Başbakan Erdoğan’ın 15 Aralık 2010’da beraberinde binlerce polisle ODTÜ yerleşkesine gelişiyle çıkan olaylarda gözaltına alınan 26 öğrencinin yargılandığı davada verilen beraat kararını Yargıtay skandal bir gerekçeyle bozuldu. Yargıtay’ın 5 Haziran 2012’de alınan beraat kararını bozma gerekçesinde 5 Temmuz 2012’de yasalaşan Üçüncü Yargı Paketi’ndeki bir düzenlemeyi adres göstermesi hukukçular arasında şaşkınlık yarattı.

BERAATI BOZDULAR
Yargıtay, beraat kararını bozarken, Üçüncü Yargı Paketi olarak bilinen 6352 sayılı kanunun Geçici 1. Maddesindeki bir bölüme işaret etti. Yasadaki, “Üst sınırı 5 yıldan fazla olmayan hapis cezasını gerektiren bir suçtan dolayı; kovuşturma evresinde, kovuşturmanın ertelenmesine karar verilir” ifadesini adres gösteren Yargıtay 9. Dairesi beraat kararını bozdu. Bozma kararıyla ODTÜ’lü 26 öğrencinin yeniden yargılanmasının yolu açılmış oldu. Yargıtay’ın kararının uygulanması halinde hükmün açıklanması geri bırakılacak ve aynı kişiler benzer bir suçtan 5 yıl içerisinde yeniden ceza alırlarsa, açıklanmayan hükümde öngörülen ceza da ikinci hükme eklenecek. Ancak 7 Haziran 2012’de verilen beraat kararının 5 Temmuz 2012’de yasalaşan Üçüncü Yargı Paketi yüzünden bozulması işleri karıştırdı.

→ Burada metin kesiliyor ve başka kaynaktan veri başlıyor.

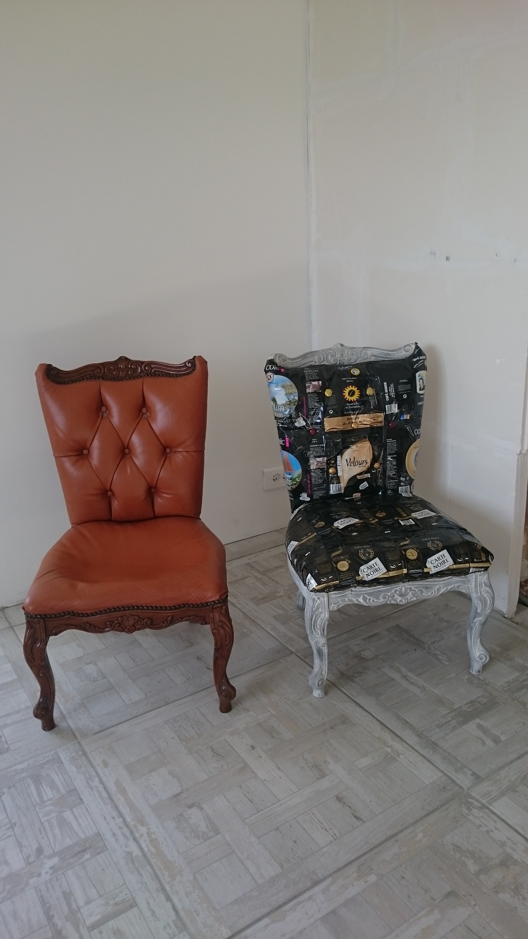 Rénovation/relooking d’un petit de fauteuil sur le thème café.

BirGün’e konuşan ceza avukatı Ömer Kavili, kararı iki yönden kusurlu buldu ve “Yargıtay bu kararla makamı üzerinden resmen politikaya girdi ve faullü oynadı. Maç yapmak istiyorlarsa sahaya insinler” yorumunu yaptı. Üçüncü Demokrasi Paketi’nin, mahkemenin beraat kararının bir ay sonrasında yasalaştığına dikkat çeken Kavili, “Mahkemenin çıkacak kanunu uygulamak ödevi yok. Yargıtay gelenekselleşmiş, hukuka ve mantığa aykırı kararlarından birini verdi” dedi. Sonradan yapılan yasal düzenlemelerin yalnızca sanıkların lehine olan hallerde geriye yönelik işleyebileceğinin altını çizen Kavili, “Beraat kararı sanıkların lehinedir. Sonradan çıkan kanun sanıklar lehine hükümler getiriyorsa Yargıtay kararı bozabilir. Ancak Yargıdan burada yerel mahkemeden beraatı kaldırıp erteleme vermesini istiyor. Kovuşturmanın ertelenmesi kararı öğrencilerin üzerinde Demokles’in Kılıcı gibi beklesin, iktidar öğrencilerin tepesine binmek isterse bu fırsatı değerlendirsin istiyor. Yargıtay bu kararla doğrudan siyasete müdahale etti” değerlendirmesinde bulundu.